== PROBLEM DETAILS ==
I need the lines below from the one with "What Lisa says" down to the one with "Cadena para Suéter" reproduced exactly, both ends included, and nothing else.

== EXERCISE MATERIALS ==
===============
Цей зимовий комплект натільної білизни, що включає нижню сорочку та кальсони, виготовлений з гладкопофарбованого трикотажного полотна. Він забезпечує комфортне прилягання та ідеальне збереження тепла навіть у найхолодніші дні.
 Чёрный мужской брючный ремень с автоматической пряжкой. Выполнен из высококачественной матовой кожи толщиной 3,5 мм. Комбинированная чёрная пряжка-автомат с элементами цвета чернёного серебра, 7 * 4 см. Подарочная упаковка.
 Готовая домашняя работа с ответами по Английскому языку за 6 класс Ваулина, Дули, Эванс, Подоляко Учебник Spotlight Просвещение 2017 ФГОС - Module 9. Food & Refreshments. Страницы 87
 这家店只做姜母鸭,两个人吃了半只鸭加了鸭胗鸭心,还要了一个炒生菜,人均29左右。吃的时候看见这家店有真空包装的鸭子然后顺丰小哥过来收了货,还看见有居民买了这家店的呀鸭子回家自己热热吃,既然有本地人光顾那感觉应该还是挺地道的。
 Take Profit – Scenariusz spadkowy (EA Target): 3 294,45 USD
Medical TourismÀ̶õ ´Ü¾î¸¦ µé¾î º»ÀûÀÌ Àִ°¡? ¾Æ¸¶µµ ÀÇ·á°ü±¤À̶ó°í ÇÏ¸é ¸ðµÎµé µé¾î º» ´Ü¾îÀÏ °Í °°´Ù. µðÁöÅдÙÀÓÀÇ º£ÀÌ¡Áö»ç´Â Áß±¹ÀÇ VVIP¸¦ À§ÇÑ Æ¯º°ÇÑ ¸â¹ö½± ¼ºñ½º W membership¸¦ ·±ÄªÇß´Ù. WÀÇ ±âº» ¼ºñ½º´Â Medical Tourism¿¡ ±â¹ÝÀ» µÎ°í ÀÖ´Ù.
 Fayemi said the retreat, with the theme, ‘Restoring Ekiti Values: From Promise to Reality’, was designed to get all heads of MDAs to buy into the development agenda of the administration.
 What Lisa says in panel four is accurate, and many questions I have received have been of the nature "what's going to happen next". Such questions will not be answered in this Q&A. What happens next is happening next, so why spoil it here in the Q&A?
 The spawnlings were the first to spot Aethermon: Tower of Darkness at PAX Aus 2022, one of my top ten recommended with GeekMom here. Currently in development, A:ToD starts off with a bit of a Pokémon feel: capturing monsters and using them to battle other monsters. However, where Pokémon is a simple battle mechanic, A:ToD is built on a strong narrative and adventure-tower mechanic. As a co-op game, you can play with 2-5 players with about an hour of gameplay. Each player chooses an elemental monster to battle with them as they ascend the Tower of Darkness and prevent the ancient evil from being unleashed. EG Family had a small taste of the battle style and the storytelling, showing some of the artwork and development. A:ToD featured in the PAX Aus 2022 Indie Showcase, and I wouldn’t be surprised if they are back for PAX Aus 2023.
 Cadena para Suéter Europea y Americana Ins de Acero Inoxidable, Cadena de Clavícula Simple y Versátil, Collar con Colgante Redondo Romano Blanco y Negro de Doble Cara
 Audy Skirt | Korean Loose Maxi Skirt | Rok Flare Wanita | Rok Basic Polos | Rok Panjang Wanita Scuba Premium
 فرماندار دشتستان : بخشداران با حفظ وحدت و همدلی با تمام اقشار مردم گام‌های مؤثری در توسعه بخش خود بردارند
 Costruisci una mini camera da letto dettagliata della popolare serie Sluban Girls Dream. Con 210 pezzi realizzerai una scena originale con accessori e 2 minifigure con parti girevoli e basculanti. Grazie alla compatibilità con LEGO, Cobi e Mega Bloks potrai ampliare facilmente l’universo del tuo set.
===============
== RESPONSE TO THE EXERCISE ==
 What Lisa says in panel four is accurate, and many questions I have received have been of the nature "what's going to happen next". Such questions will not be answered in this Q&A. What happens next is happening next, so why spoil it here in the Q&A?
 The spawnlings were the first to spot Aethermon: Tower of Darkness at PAX Aus 2022, one of my top ten recommended with GeekMom here. Currently in development, A:ToD starts off with a bit of a Pokémon feel: capturing monsters and using them to battle other monsters. However, where Pokémon is a simple battle mechanic, A:ToD is built on a strong narrative and adventure-tower mechanic. As a co-op game, you can play with 2-5 players with about an hour of gameplay. Each player chooses an elemental monster to battle with them as they ascend the Tower of Darkness and prevent the ancient evil from being unleashed. EG Family had a small taste of the battle style and the storytelling, showing some of the artwork and development. A:ToD featured in the PAX Aus 2022 Indie Showcase, and I wouldn’t be surprised if they are back for PAX Aus 2023.
 Cadena para Suéter Europea y Americana Ins de Acero Inoxidable, Cadena de Clavícula Simple y Versátil, Collar con Colgante Redondo Romano Blanco y Negro de Doble Cara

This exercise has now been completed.